Look for the line containing "Elfenbeinfarbene Slingback-Pumps mit" and the line containing "1月19日 集会委員会による" in the entries below. Copy those two and all lines between them exactly, leaving out pictures.

— Entries shown —

########################################

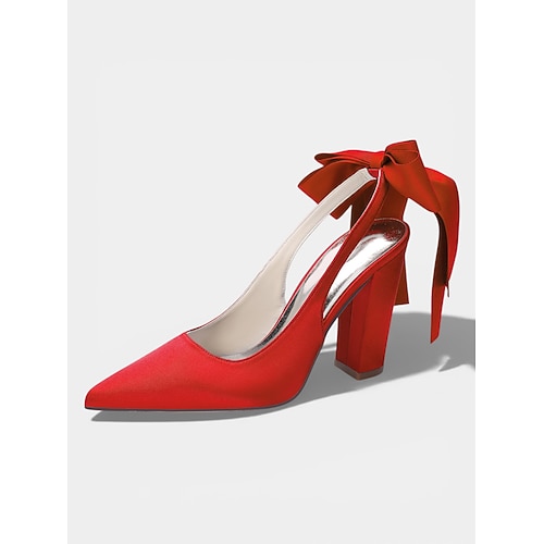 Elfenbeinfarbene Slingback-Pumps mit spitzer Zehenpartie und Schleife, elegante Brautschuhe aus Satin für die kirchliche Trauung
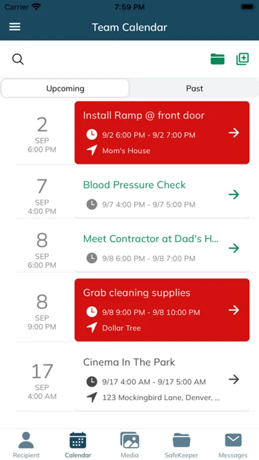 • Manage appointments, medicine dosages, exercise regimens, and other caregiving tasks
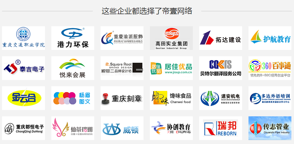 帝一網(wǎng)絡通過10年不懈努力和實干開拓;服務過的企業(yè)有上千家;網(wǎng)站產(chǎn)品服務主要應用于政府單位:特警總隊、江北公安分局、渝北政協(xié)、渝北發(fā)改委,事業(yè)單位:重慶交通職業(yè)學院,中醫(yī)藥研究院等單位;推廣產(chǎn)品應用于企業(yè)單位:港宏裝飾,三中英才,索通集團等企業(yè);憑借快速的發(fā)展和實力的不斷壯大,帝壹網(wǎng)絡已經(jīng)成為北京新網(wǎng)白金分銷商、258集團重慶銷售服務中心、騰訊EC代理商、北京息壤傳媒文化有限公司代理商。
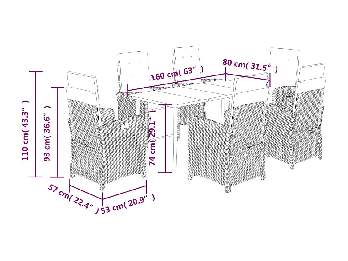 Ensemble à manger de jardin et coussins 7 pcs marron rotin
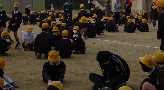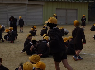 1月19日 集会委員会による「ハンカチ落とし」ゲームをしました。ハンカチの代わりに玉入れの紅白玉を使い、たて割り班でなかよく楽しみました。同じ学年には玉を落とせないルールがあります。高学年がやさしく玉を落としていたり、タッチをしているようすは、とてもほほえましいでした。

########################################

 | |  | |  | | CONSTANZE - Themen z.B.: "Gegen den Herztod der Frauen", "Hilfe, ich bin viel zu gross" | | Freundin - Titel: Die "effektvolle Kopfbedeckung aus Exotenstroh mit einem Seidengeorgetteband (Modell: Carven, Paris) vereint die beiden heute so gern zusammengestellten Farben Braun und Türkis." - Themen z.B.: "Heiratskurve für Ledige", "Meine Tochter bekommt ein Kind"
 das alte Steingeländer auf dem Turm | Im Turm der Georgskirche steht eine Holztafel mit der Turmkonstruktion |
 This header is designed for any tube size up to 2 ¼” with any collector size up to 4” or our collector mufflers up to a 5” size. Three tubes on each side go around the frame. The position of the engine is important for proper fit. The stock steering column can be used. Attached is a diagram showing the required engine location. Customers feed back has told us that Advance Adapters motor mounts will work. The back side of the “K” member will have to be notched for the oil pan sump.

########################################

— Solution to the exercise —
 Elfenbeinfarbene Slingback-Pumps mit spitzer Zehenpartie und Schleife, elegante Brautschuhe aus Satin für die kirchliche Trauung
 • Manage appointments, medicine dosages, exercise regimens, and other caregiving tasks
 帝一網(wǎng)絡通過10年不懈努力和實干開拓;服務過的企業(yè)有上千家;網(wǎng)站產(chǎn)品服務主要應用于政府單位:特警總隊、江北公安分局、渝北政協(xié)、渝北發(fā)改委,事業(yè)單位:重慶交通職業(yè)學院,中醫(yī)藥研究院等單位;推廣產(chǎn)品應用于企業(yè)單位:港宏裝飾,三中英才,索通集團等企業(yè);憑借快速的發(fā)展和實力的不斷壯大,帝壹網(wǎng)絡已經(jīng)成為北京新網(wǎng)白金分銷商、258集團重慶銷售服務中心、騰訊EC代理商、北京息壤傳媒文化有限公司代理商。
 Ensemble à manger de jardin et coussins 7 pcs marron rotin
 1月19日 集会委員会による「ハンカチ落とし」ゲームをしました。ハンカチの代わりに玉入れの紅白玉を使い、たて割り班でなかよく楽しみました。同じ学年には玉を落とせないルールがあります。高学年がやさしく玉を落としていたり、タッチをしているようすは、とてもほほえましいでした。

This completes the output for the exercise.